Identifying Transitive Dependencies
Transitive dependencies hide in plain sight. Look at this BookVault customer table that violates 3NF:
Before — Violates 3NF
| customer_id | name | city | country |
|---|---|---|---|
| 1 | Sarah Chen | Toronto | Canada |
| 2 | Mike Johnson | Toronto | Canada |
| 3 | Emma Wilson | London | UK |
After — Follows 3NF
| customer_id | name | city_id |
|---|---|---|
| 1 | Sarah Chen | 1 |
| 2 | Mike Johnson | 1 |
| city_id | city_name | country |
|---|---|---|
| 1 | Toronto | Canada |
| 2 | London | UK |
The transitive dependency chain looked like this:
customer_id → city → country
Country doesn't depend directly on customer_id. It depends on city, which depends on customer_id. Breaking this chain eliminates data redundancy and update anomalies.
Common Mistake
Don't confuse functional dependencies with transitive ones. order_id → customer_id is functional. order_id → customer_id → customer_city is transitive.

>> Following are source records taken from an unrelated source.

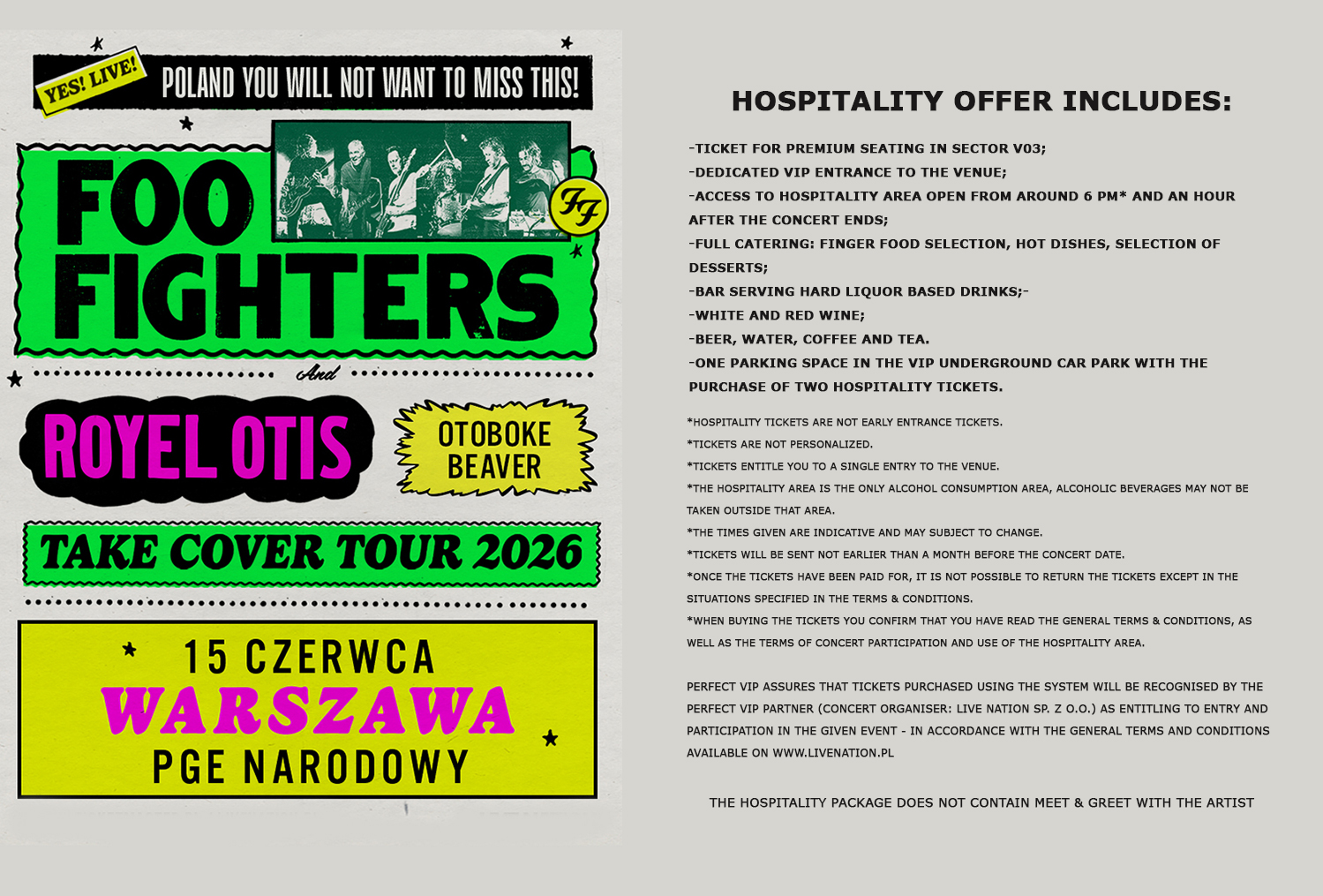 Perfect Hospitality sp. z o. o. assures that Tickets purchased with the use of the System will be recognised by Perfect Hospitality's partner (Event organiser: Live Nation sp. z o. o.) as entitling to enter and participate in an Event - in accordance with the Regulations of participation in an Event available at www.livenation.pl.
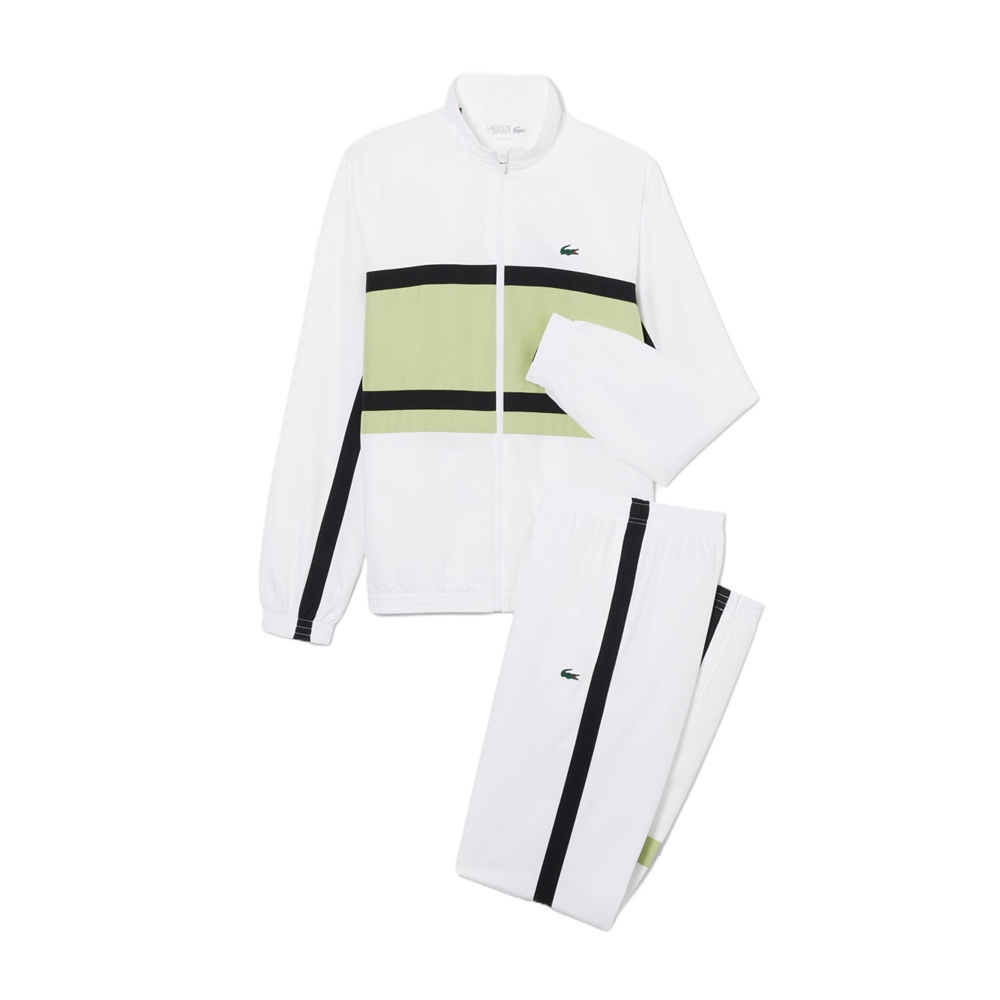 Zugeschnittene und vernähte Colorblock-Einsätze auf Brust, Ärmeln und unten an den Beinen
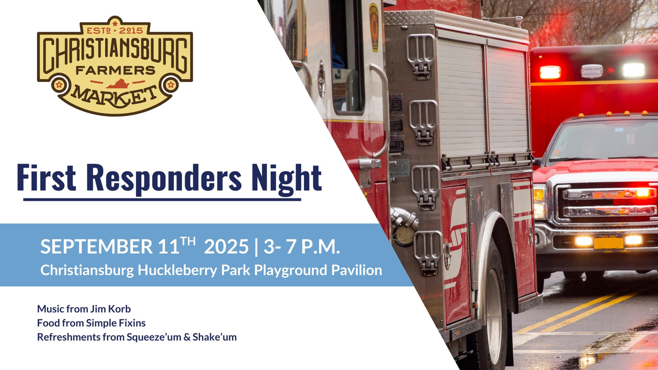The Christiansburg Farmers Market presents their First Responders Night hosts their Weekly Market on Thursday, September 11, 2025 at Huckleberry Park's Playground Pavilion.
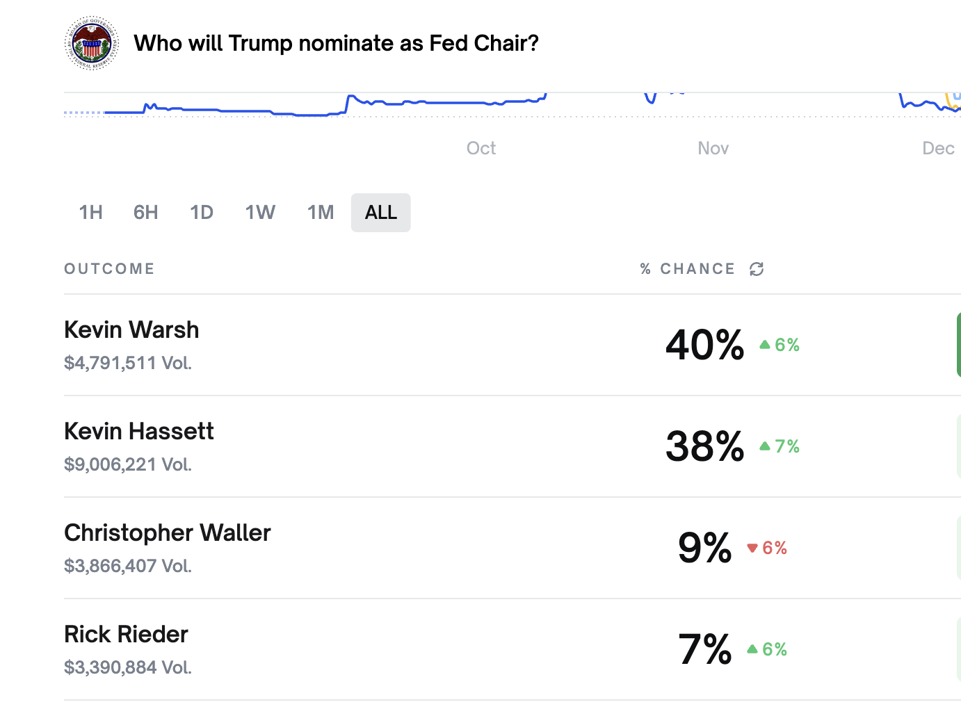 As of writing, Polymarket data shows the probability of Kevin Warsh being elected Fed Chair is temporarily at 40% (up 6%), Kevin Hassett at 38% (up 7%), Christopher Waller at 9% (down 9%), and Rick Rieder has the lowest probability, temporarily at 7% (up 6%). Although his chances are lower compared to Warsh and Hassett, at least it increased by 6 points, soon surpassing Waller.

BookVault 3NF Transformation
Our BookVault database has a classic 3NF violation. Books store author nationality directly, creating this dependency:
Here's the problematic books table:
-- BookVault books table violating 3NF
-- Contains transitive dependency: book_id → author_id → nationality
SELECT book_id, title, author_name, nationality, price
FROM books_unnormalized
WHERE category_id = 1;
book_id | title | author_name | nationality | price --------|--------------------------|----------------|-------------|------- 1 | The Great Gatsby | F. Scott | American | 12.99 2 | This Side of Paradise | F. Scott | American | 11.49 3 | Pride and Prejudice | Jane Austen | British | 9.99 4 | Sense and Sensibility | Jane Austen | British | 10.49
What just happened?
Notice how "American" and "British" repeat for each author. That's the transitive dependency creating redundancy. Try this: count how many times you'd need to update "American" if F. Scott Fitzgerald moved to France.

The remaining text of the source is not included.